Теперь уже не думаю, что это я убила отца. Его убило гетто. Мы не смогли найти выход из ситуации, которая оказалась сильнее нас обоих. Отец мучился, будучи не в состоянии меня уберечь, а я чувствовала, что не могу уберечь его. Но все же то решение — идти за отцом — было спасением. Если бы осталась с матерью, то после его смерти не смогла бы жить. Я это знаю. Я чувствую это. Мы были с ним рядом до конца, только в ту минуту, когда он умирал, эсэсовец держал в своих объятиях мое тело. Звучит ужасно, но в действительности выглядело не совсем так. Это были отношения палач — жертва, однако роли поменялись, и я стала его палачом. Тот человек по-настоящему мучился. Я видела в его глазах растерянность и боль. Думаю, он влюбился в мою невинность, которая была для него чем-то неизведанным. Тело женщины, конечно, наиболее совершенно, однако его есть с чем сравнивать. Моя чистота была исключительна. Он желал ею обладать, только он один, но не мог ею овладеть. И чем больше старался, тем больше она была для него недосягаема. Он мог ее только уничтожить, но для этого требовалась смелость, а он, по существу, был трусом.

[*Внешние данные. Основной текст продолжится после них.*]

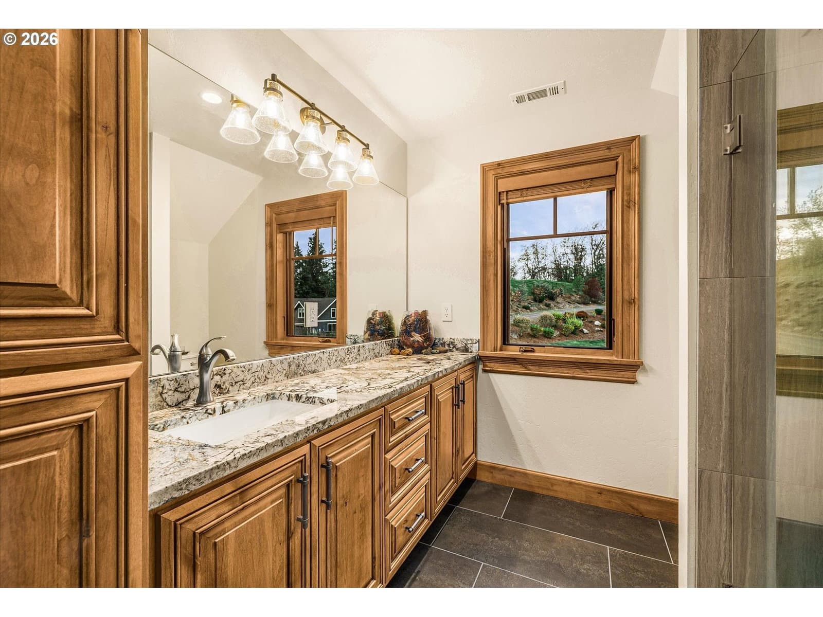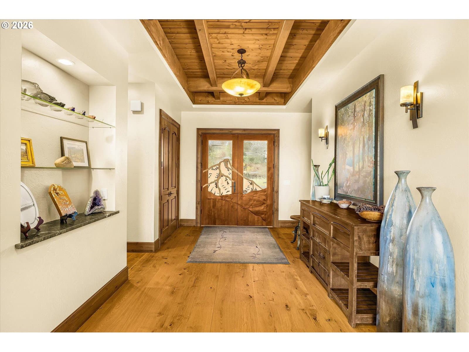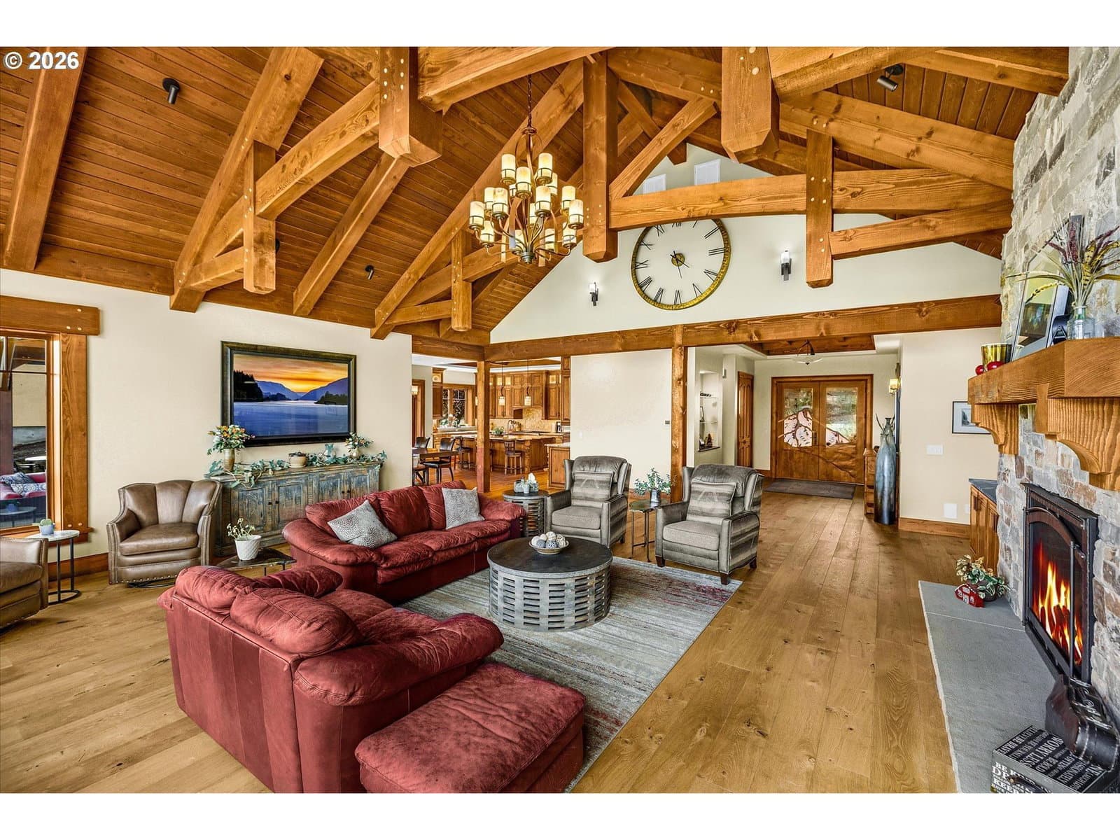 Luxury greenside living along the Indian Creek Golf course this beautiful 4 bedroom 4.5 bath custom built Craftsman home in the desirable Fairway Estates and the heart of the gorgeous Hood River Valley! Designed for easy, grand main -level living, this home features all primary living spaces and the primary suite on the main floor. Showcasing the highest quality and craftmanship and built to the nines! Features include a gourmet kitchen, Granite, Wolf gas range, Sub-Zero built-in Refrigerator, large island, recessed timber frame inset ceiling's, Knotty Alder cabinets, 12" window casings & trim, solid 8ft doors, and built-ins throughout. Solid fir Mortise and Tenon timber frame Vaulted living room w/ 12" Fir window casings & trim, Grand stone gas fireplace, wire brushed European white oak hardwoods, sound system throughout, heated tile floors in primary & secondary bathrooms, custom Artisan Mahogany Mt. Hood entry door, full security system w/camera's. Trifold slider to the large 32x32 covered patio w/sound system & outdoor kitchen, 50 year Hi-Def Presidential roof, cedar siding w/cedar T&G soffits, sprinkler system, 25x44 oversized 3 car garage, ICF foundation(Insulated Concrete Form) for exceptional heating & cooling efficiency, conditioned crawlspace, 18x26 storage/golf cart parking below. 3+ mile walking trail. Come enjoy the peaceful beauty of the Columbia River Gorge, Mt. Hood, and the Hood River Valley— where outdoor adventure awaits year round including hiking, biking, golfing, skiing, snowboarding, windsurfing, and more!!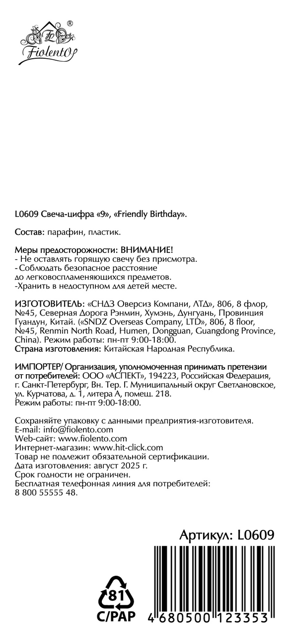 Свеча-цифра Fiolento Friendly Birthday 9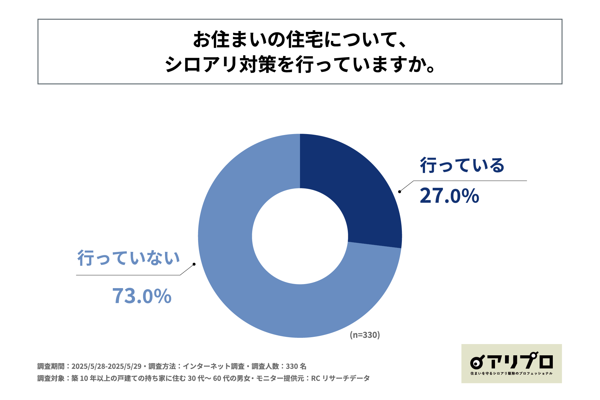 続いて、「お住まいの住宅について、シロアリ対策を行っているか」を尋ねる設問への回答では、「行っていない」が73.0%、「行っている」が27.0%という結果になりました。この結果から、築10年以上の戸建ての持ち家に住む30代~60代の男女の約3割が、住居のシロアリ対策を行っていることが判明しました。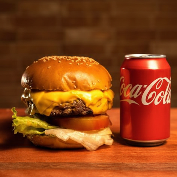 Delicie-se com o nosso Combo Coca Cola, que apresenta uma combinação perfeita de sabor e refrescância. Ele inclui um X-Burguer artesanal, cuidadosamente preparado com ingredientes de alta qualidade e cheio de sabor, e melhor ainda, é acompanhado por uma lata de Coca-Cola de 350ml, geladinha e borbulhante. Este combo é a escolha ideal para quem busca uma refeição completa, satisfatória e extremamente saborosa!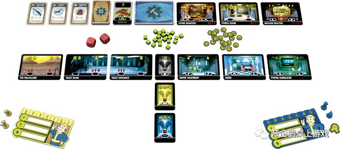 实际上,每个官员都在避难所里负责一层,来建造自己心仪的房间。一旦你的居民收集到了相应的资源,你就可以自由的扩建避难所中属于你的那一层。把属于你的那一层建好将有助于你成为新的监督者——好的房间可以吸引其他人来到你的这一层,例如,炫酷的核动力反应堆,或是全新的游戏室,这将让居民们知道选谁是监督者才是正确的。但是也不要太激进!当一名官员在他那一层建造了第六个房间后,游戏将在当轮结束。
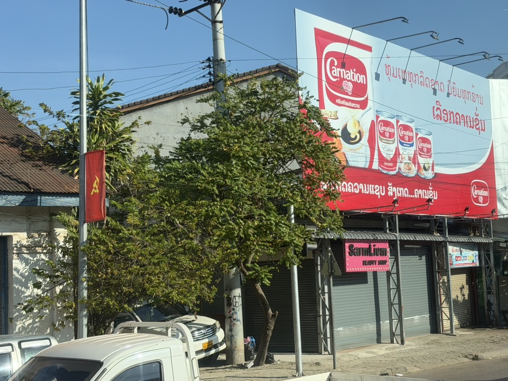 街角には「Carnation(カーネーション)」のコンデンスミルクの大きな看板が目立った。東南アジアではどこでも見かけるブランドだが、そこにラオスの赤い旗が並ぶ光景は妙に味わい深い。社会主義国家と資本主義企業の広告が共存するのが、現代ラオスらしいと感じた瞬間だ。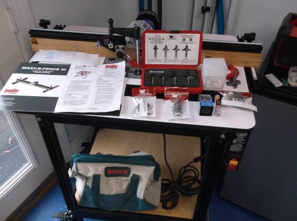 Jessem Rout-R-Lift 11 Table package with Jessem caster wheels used less than 5 times. Like new condition. Includes 3 insert rings, Mast-R-fence 111, Mast-R=Top, Steel router table stand & Clear cut stock guides. Option to buy Bosch router with Bosch bag and over $500 in bits most are new never used, most are whiteside. Comes with all manuals.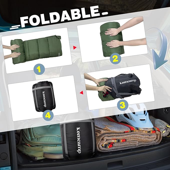 • Larger and Wider: Keencamp sleeping bag measures 74.80*33.07 inches, with a package size of 16.53*13.38*5.51 inches, weight 6.72lbs. The oversized sleeping bag for adults of 6 feet in tall, to provide enough space and even allow XXL individuals to move freely.

Я вспоминаю такую сцену. Кажется, после двух недель, на протяжении которых у нас с немцем ничего не получалось и он чувствовал себя все более истрепанным и униженным, ему наконец удалось войти в меня. Но тут же все кончилось. Мы лежали без движения, а потом я почувствовала, что он дрожит и трясется в беззвучном плаче. Почти сбросив его с себя, я встала, зажгла свет, налила шампанского и закурила. Он лежал скрючившись, голый, жалкий. Я видела его спину. Думаю, что четко не осознавала, до какой степени господствую над ним. Подсказывал инстинкт. Это могло измениться, если бы хоть раз ему удалось показать себя передо мной настоящим мужчиной. Не знаю, решился бы он тогда меня уничтожить. Мне кажется, что этот человек был не способен любить. Просто я была его психическим комплексом, который он любой ценой хотел преодолеть. Ведь дошло до того, что он, так презирающий мою нацию, хотел жениться на мне. Я была ему необходима, потому что все это было из-за меня. Он боролся со своей слабостью, ненавидел ее и старался от нее избавиться. Каждый раз, когда я приходила в ту комнату за помещением администрации, лицо эсэсовца изображало решительность. Он как бы готовился к бою — мобилизовывал свои силы. Ему казалось, что в этот раз будет по-другому, просто, но… когда он, раздетый донага, оказывался со мной в постели, ничего не менялось. Наши половые акты, так мне хочется это называть, становились все более неполноценными. Если бы он был хоть немного умнее, то в конце концов понял, что это не его вина — дело во мне. Наверное, за такое прозрение я могла бы поплатиться жизнью. К счастью, он продолжал обвинять себя. Тем тяжелее было для него, поскольку я являлась свидетелем обвинения. Подсознательно ощущая, что веду опасную игру, я продолжала унижать его дальше.